So my plan this morning, before I was to begin my work day, was I was going to purchase some
lemons, and then I was going to go into my office, and dye my hair, and then wash my
hair in my shower that's in my office.
Things didn't go to plan.
A very bizarre situation unfolded which led to me being embarrassed in public.
Before I tell you what happened, I suppose I want to speak about so you know that I'm
on the autistic spectrum.
And it's called the spectrum because like two, two people can be autistic, and yet be completely different.
But I'm...I'm diagnosed three years now, and I know where I fit on the fucking spectrum.
And it's very...it's very comfortably within the eccentric artist territory.
What I mean by that is, like, I'm convinced that
a huge amount of artists or scientists and creative
people throughout history, a lot of these people also exhibited strange, odd and eccentric
behavior.
And it's where you get that cliche of the mad scientist or the crazy eccentric artist
or poet.
I reckon these people were neurodivergent.

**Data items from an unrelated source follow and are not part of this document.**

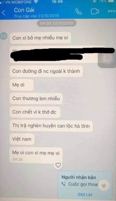 “Lo siento, mamá. Mi viaje al extranjero no ha tenido éxito. Mamá, te quiero mucho. Me muero porque no puedo respirar”, decía el mensaje.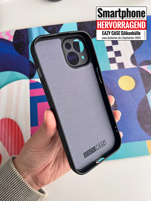 Die EAZY CASE Silikonhülle kombiniert TPU und Silikon, wodurch sie flexibel, leicht und dennoch stabil wirkt. Innen sorgt eine weiche Mikrofaserschicht dafür, dass Stöße abgefedert werden. Die Kanten sind leicht erhöht, sodass die Kameralinsen besser vor Kratzern geschützt sind. Im Alltag lässt sich die Hülle einfach anbringen und wieder entfernen. Aussparungen für Anschlüsse, Lautsprecher und Kamera sind sauber verarbeitet. Fingerabdrücke fallen kaum auf, die Oberfläche fühlt sich angenehm griffig an und lässt sich bei Bedarf leicht reinigen.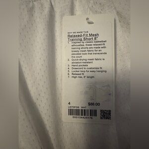 NWT Lululemon Relaxed-Fit Mesh Training Short 8" in White. Size 4. 🤍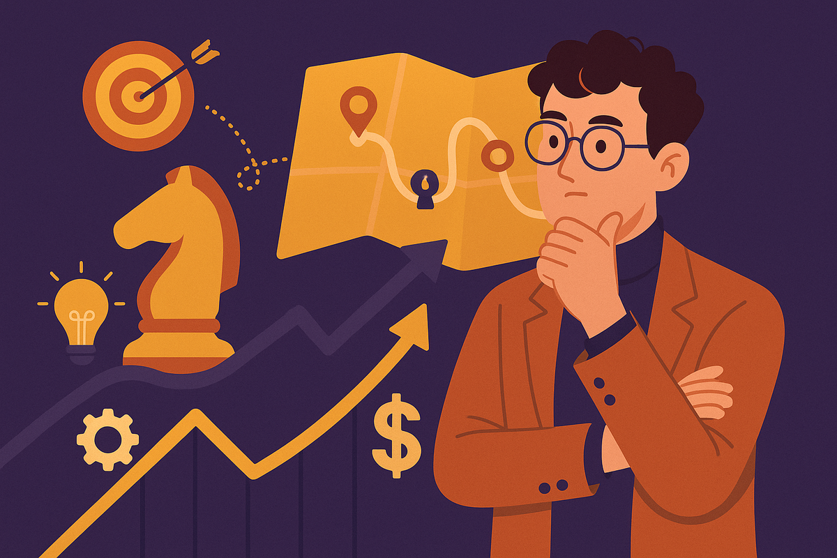 Отправиться строить бизнес без стратегии – это все равно, что пойти в лес без компаса, в путешествие без карты, а в дорогу без навигатора. Она помогает компании ориентироваться в сложных условиях рынка, выбирать правильное направление и достигать своих целей. Любите ли вы стратегию так, как успешные компании, такие как Apple и Google? Она позволяет им не только реагировать на изменения рынка, но и предвосхищать их, потому что у них есть четкий план действий на годы вперед. Примеры стратегического мышления в бизнесе: Впрочем, независимо от сферы деятельности правильная стратегия может стать надежным спутником на пути к успеху: Стратегия фокусировки. Apple Inc находилась на грани банкротства, и тогда Стив Джобс сосредоточился на ключевых продуктах: iPhone и MacBook. Стратегия грандиозности. Илон Маск, основатель SpaceX, ставя амбициозные цели (колонизация Марса), дал старт космическому туризму. Стратегия саморазвития. Радиоведущая Опра Уинфри, развивая навыки коммуникации, стала одной из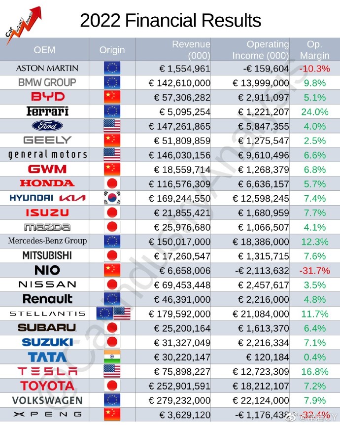下图是分析了 2022 年 1 月至 2022 年 12 月各地区热门汽车企业财报之后的有趣结果。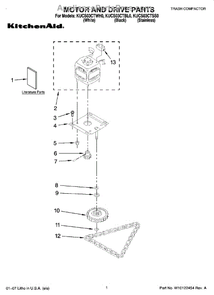 Parts for Kitchenaid KUCS03CTSS0: 01 - Motor And Drive Parts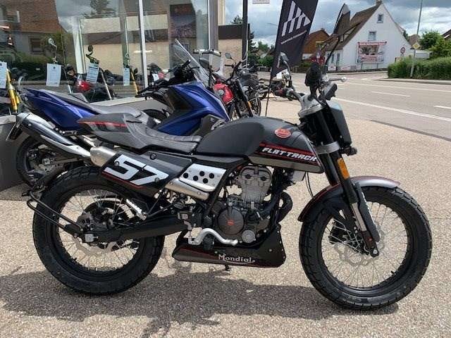 Neufahrzeug vom Vertragshändler mit Werksgarantie, die bei allen Vertragshändlern gültig ist. ____________________________________________ Wir liefern Ihr Motorrad für 65 € bis 50km /- und 119 € bis 100km/ - und 179 € bis 150 km einfache Fahrtstrecke. Über 150 km innerhalb Deutschlandes, ausgenommen der Inseln, für 219 €. ______________________________________________ Barzahlungspreis: 2.950 € Sonderfinanzierung auch ohne Anzahlung möglich. Für mehr Informationen oder einer individuellen Beratung kommen Sie gerne persönlich bei uns vorbei oder besuchen Sie uns im Internet. Scherzer GmbH Crailsheimer Str. 14 91555 Feuchtwangen Tel: 09852/67660 Es war noch nie so einfach, sich von der Masse abzuheben. Die neue F.B Mondial Flat Track 125 ABS begeistert durch die unverwechselbare Optik aus dem Flat Track Racing und ist perfekt für alle, die auch im täglichen Großstadtdschungel nicht auf Individualität verzichten wollen. Besonders markant sind die Nummerntafeln an der Seite, während die Mini-Scheinwerfer an der unteren Gabelbrücke dezent in der Hintergrund treten. Dem Flat Track Look bleibt das Bike auch beim Doppel-Endschalldämpfer, dem breiten Lenker und den 19 Zoll Speichenrädern treu. Der flüssigkeitsgekühlte Vierventil-Einzylinder bringt knapp 14 PS und 10,5 Nm Drehmoment. Das Cockpit mit TFT-Display und verschiedenen Anzeigenmodi sorgt für die nötigen Infos. Technische Daten: Motortyp: Einzylinder, Viertaktmotor mit 4 Ventilen und elektronischer Einspritzung Hubraum: 124 cm Getriebe: 6 Gänge Starter: Elektrisch Tankinhalt: 9,5 Liter Sitzhöhe: 846 mm Leergewicht: 133 kg Abgaswerte: EURO 5 Kraftstoffverbrauch (l/100 km): Ø 1,9 l CO2 Emissionen: 44 g/km Irrtümer, Änderungen und Zwischenverkauf vorbehalten!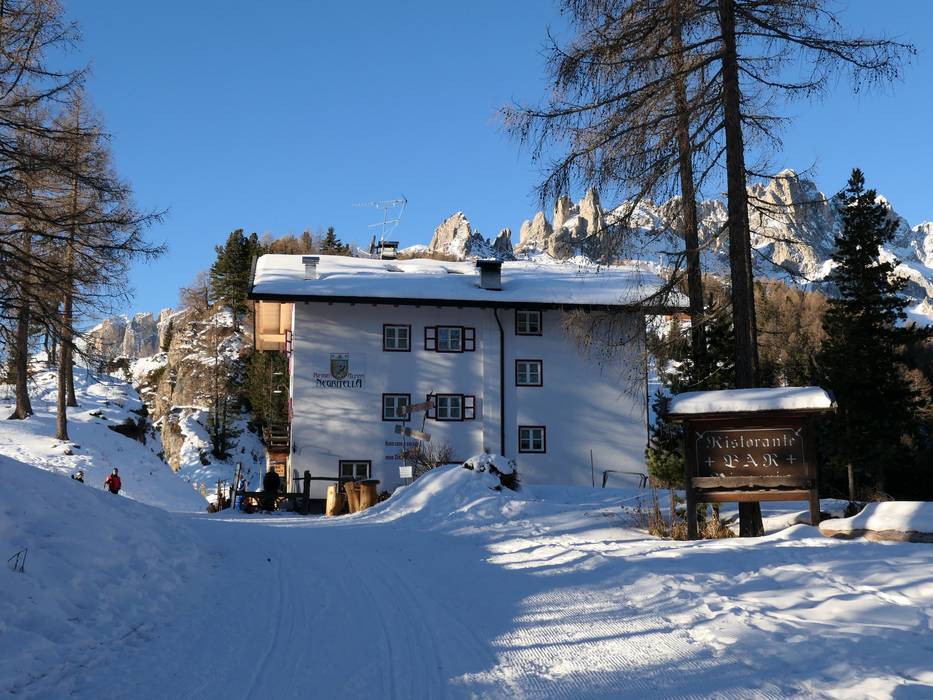 The family-run hut offers a magnificent view of the Dolomites. Here you can enjoy a delicious break on the sun terrace or warm up in the lounge next to the wood stove.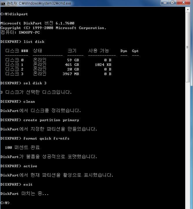 윈도우7 포맷 Usb 부팅디스크 만들기 드라이버 설치

Like I have an older brother,
and he went to art college in Limerick,
the same art college I went to,
but he went to this art college in the 90s,
and he had a painting tutor by the name of Jack Donovan.
Now Jack Donovan, he was a bit of a legend of a Limerick painter.
He died about 10 years ago. Probably
one of my favourite all time painters. And it's just a coincidence that he happens to
be from Limerick. But Jack Donovan was a deeply unique painter. With tons of humour in his
paintings. He used to cut up bits of magazines and stick them on the canvas and do these very strange, almost sexual paintings
that subtly alluded to abuse in the Catholic Church and he was painting these paintings in
the 60s and the 70s. He'd caught up pornographic magazines that were literally illegal, like
illegal in Ireland at the time. Dirty magazines had to be smuggled in from England,
but he'd caught up, like dirty magazines and paint around them and
have priests and cardinals in rooms with all these nudie women.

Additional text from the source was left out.